The key element that allows this is:
entry_points={'console_scripts' : ['mua-timing = minimally_useful_application.core:main']}
This means that if you install the minimally_useful_application
as described above using pip
, you will be able to execute the main()
function of the core.py
file by calling:
$ mua-timing
source https://docs.python.org/3.6/distutils/setupscript.html#installing-additional-files
TODO: Finish this section
source https://nose.readthedocs.io/en/latest/
The recommended tool for testing python programs is NoseTests which is essentially a wrapper around Python's standard unit tests which makes them better.
In order to run the tests, you need to have nose
installed via pip, however, unless your program requires testing before or during installation it is not recommended that you keep nose
in your requirements file.

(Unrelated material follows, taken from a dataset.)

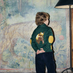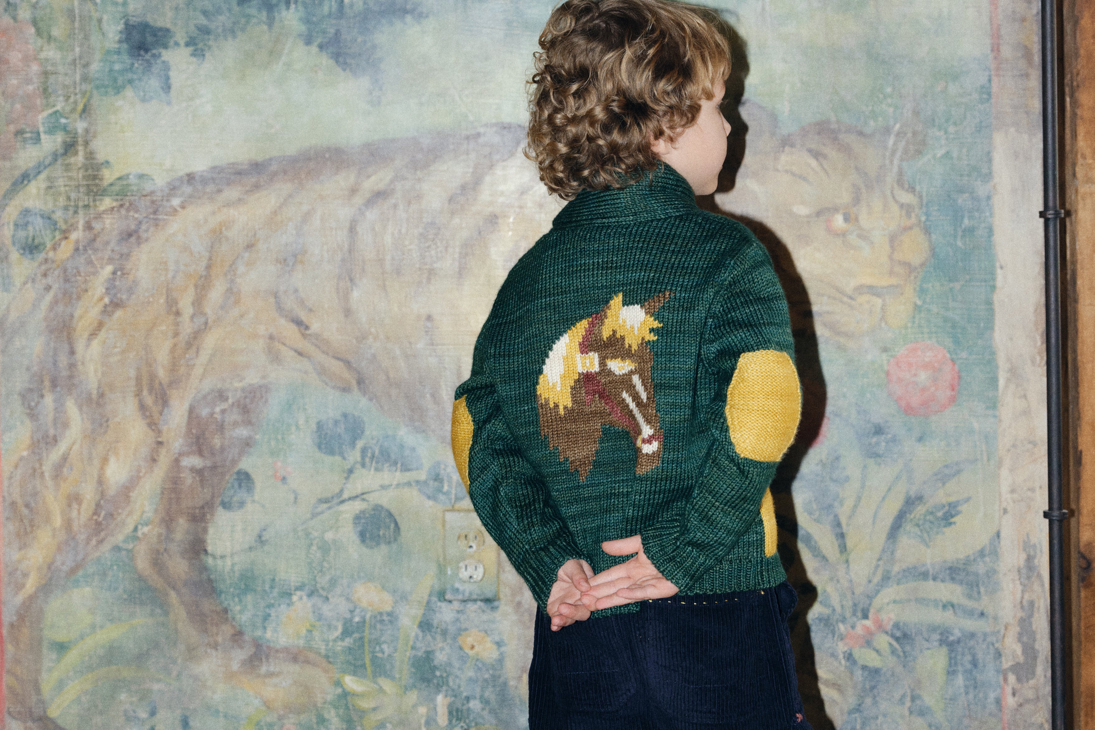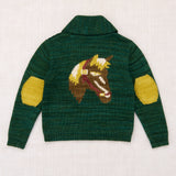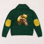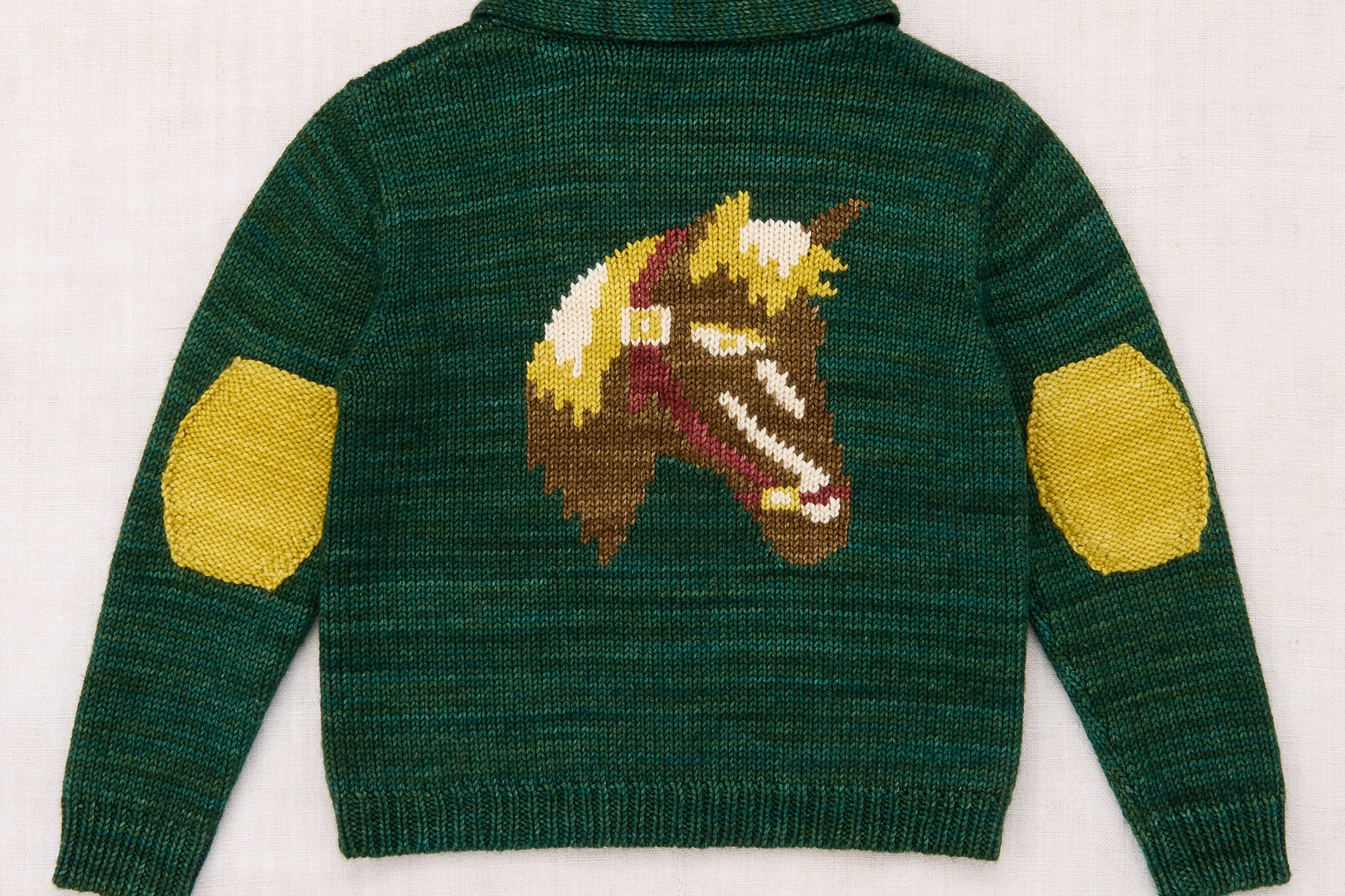A cardigan in Merino wool, featuring a shawl collar, special horse intarsia on the back, patch pockets with hand-embroidered Misha & Puff detail, elbow patches, ribbed trim, and a horn button closure.

Instead developers should be instructed to install it themselves:
$ pip install nose
Structurally, as can be seen in the directory tree above, you can put each set of tests with its individual submodule/module. This is my personal preferred approach as it makes the modules easy to find relative to the tests themselves.
Simply run the following command from the top-level module directory.
$ nosetests
Nose will automatically find all unit tests in the program so long as they are structured the same way as the example tests in this package. An interesting thing to keep in mind is that nose
will suppress standard output unless there is an error, so if you're expecting printouts from your tests you need to use the -s
option. Also -v
is recommended.
You can also run specific test cases:
$ nosetests minimally_useful_application.timing.tests.test_timing.TestTimingMethods
Note that this can also be applied to bigger subsets of tests. For example, if we wanted to run all test-cases in the minimally_useful_application
package, then we could do:
$ nosetests minimally_useful_application
Or if we wanted all test-cases in the timing
submodule:
$ nosetests minimally_useful_application.timing
and so on.
source: https://nose.readthedocs.io/en/latest/plugins/cover.html
Coverage information can be provided by one of multiple coverage tools. To use the fairly standard coverage
module, simply install it:
$ pip install coverage
And then you can execute all the same nosetests
commands as above except with the --with-coverage
option. Which will produce a report not unlike this:
$ nosetests --with-coverage
..
Name Stmts Miss Cover
-------------------------------------------------------------------
arrow.py 5 0 100%
arrow/api.py 13 3 77%
arrow/arrow.py 330 228 31%
arrow/factory.py 63 47 25%
arrow/formatter.py 80 70 12%
arrow/locales.py 626 124 80%
arrow/parser.py 179 138 23%
arrow/util.py 14 8 43%
dateutil.py 1 0 100%
dateutil/_common.py 22 13 41%
dateutil/relativedelta.py 236 204 14%
dateutil/tz.py 2 0 100%
dateutil/tz/_common.py 143 90 37%
dateutil/tz/tz.py 698 445 36%
minimally_useful_application.py 0 0 100%
minimally_useful_application/timing.py 0 0 100%
minimally_useful_application/timing/timing.py 6 0 100%
minimally_useful_application/utils.py 0 0 100%
-------------------------------------------------------------------
TOTAL 2418 1370 43%
----------------------------------------------------------------------
Ran 2 tests in 0.033s
OK
Similarly, you can generate HTML coverage reports with --cover-html
like so:
$ nosetests --with-coverage --cover-html
Typically, the HTML output will be in the cover
directory, but if you wanna specify the output directory:
$ nosetests --with-coverage --cover-html-dir=.coverage_html
For the sake of simplicity, I also recommend specifying the module that you want coverage reports for (since you typically do not want to test all the libraries that you pull in as well)
$ nosetests --cover-package=minimally_useful_application --with-coverage
TODO: Write up something about documentation generators.